The fact that the NFL chose Bad Bunny this year of all years was also an intentional choice to erode Americans’ sense of national identity. As the country approaches its 250th birthday, a league that actually cares about honoring its heritage as a uniquely American sport would have made every effort to choose a performer who reflects that. Instead, the NFL chose an artist who is most popular in foreign countries and sings in a foreign language.

The symbolism there should not be ignored. The message to Americans is this: “Your history is meaningless. Your country does not belong to you anymore, get over it.”

Then came the performance itself. While anyone who had been paying attention in the weeks leading up to the game should have known exactly what to expect, it was still jarring.

There was plenty of the usual left-wing debauchery, including a close-up shot of two men grinding on one another and dozens of scantily clad women performing dance routines that are more appropriate for a strip club rather than the biggest TV event of the year with tens of millions of wide-eyed children watching. Though most of those kids thankfully couldn’t understand a word that Bad Bunny was lip-syncing, his music is also notoriously explicit, sexualized, and violent. It is particularly demeaning toward women.

Just when it seemed like we might escape without any overt political statements, the “grand finale” of the show was Bad Bunny leading an army of backup dancers carrying foreign flags and saying “God bless America” – which he made clear means America the continent, not America the United States.

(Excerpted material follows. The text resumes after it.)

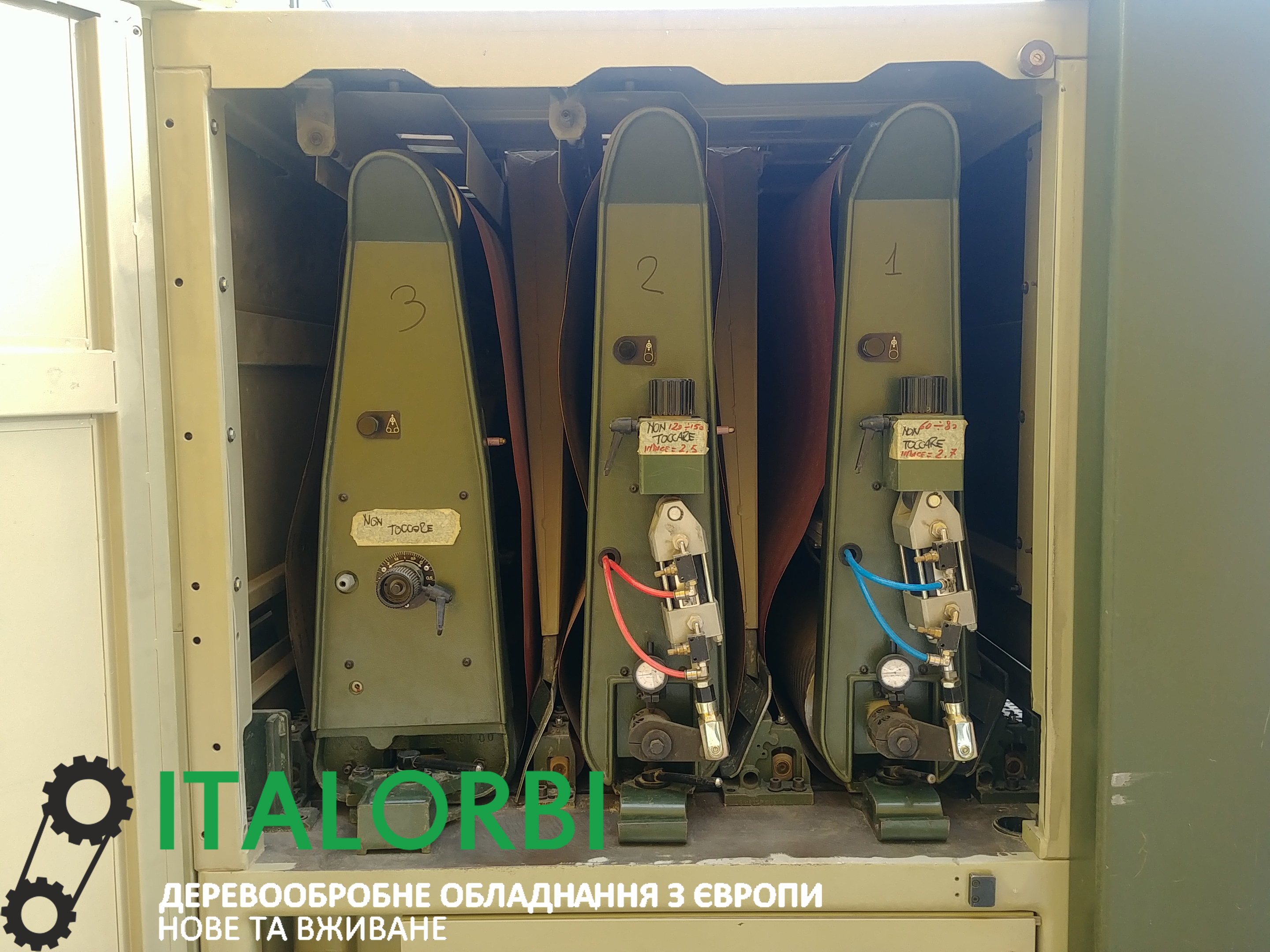 Цена: 9000 euroЦіна: 9000 євро по курсу дняСтан: відновленийКількість валів: 31 вал-калібрувальний(металевий)2 вал-шліфувальний(гумовий)3 вал-утюжок + полірувальний вал на виходіРобоча ширина: 1100 ммМаксимальна висота заготовки: 140 ммРозмір шліфувальної стрічки: 2140х1100 ммЗагальна потужність 2 двигунів: 30 кВтОдин з двигунів на 3 швидкості: 4,5-7,5-15 кВтРегулювання швидкості подачі робочого стола-варіаторомПневматичне виставлення усіх валів+витяжка в комплектіГабарити:Ширина: 1900 ммДовжина: 2200 ммВисота: 2200 ммЗапропоновані машини повністю функціонують після технічного огляду. Можна перевірити їх у місці придбання

“But wait,” liberals will cry, “one of the dancers was carrying the American Flag!” Yes – and that makes it all the more denigrating. The message to Americans was that their own country’s flag is no more meaningful or important than any other country’s flag – just like citizens of any other country have an equal claim to America as someone whose family has been here for hundreds of years.

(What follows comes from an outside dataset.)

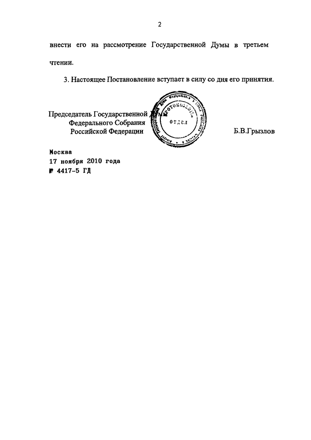 ПОСТАНОВЛЕНИЕ ГД ФС РФ от 17.11.2010 N 4417-5 ГД

In other words, the NFL and Bad Bunny want us to believe, America does not belong to Americans alone, but to the entire world. Accordingly, the United States has no right to enforce its own borders or deport those who break its immigration laws.

The entire spectacle, from Bad Bunny’s Grammys incident through the final note of the halftime show over the weekend, was a massive middle finger from the NFL to its fans and, more than that, to the country as a whole. After years in which the right has made significant progress in shaming left-wing partisan politics out of American institutions, it was a reminder that woke ideology is still simmering beneath the surface, ready to burst out and continue its destructive path at the first opportunity.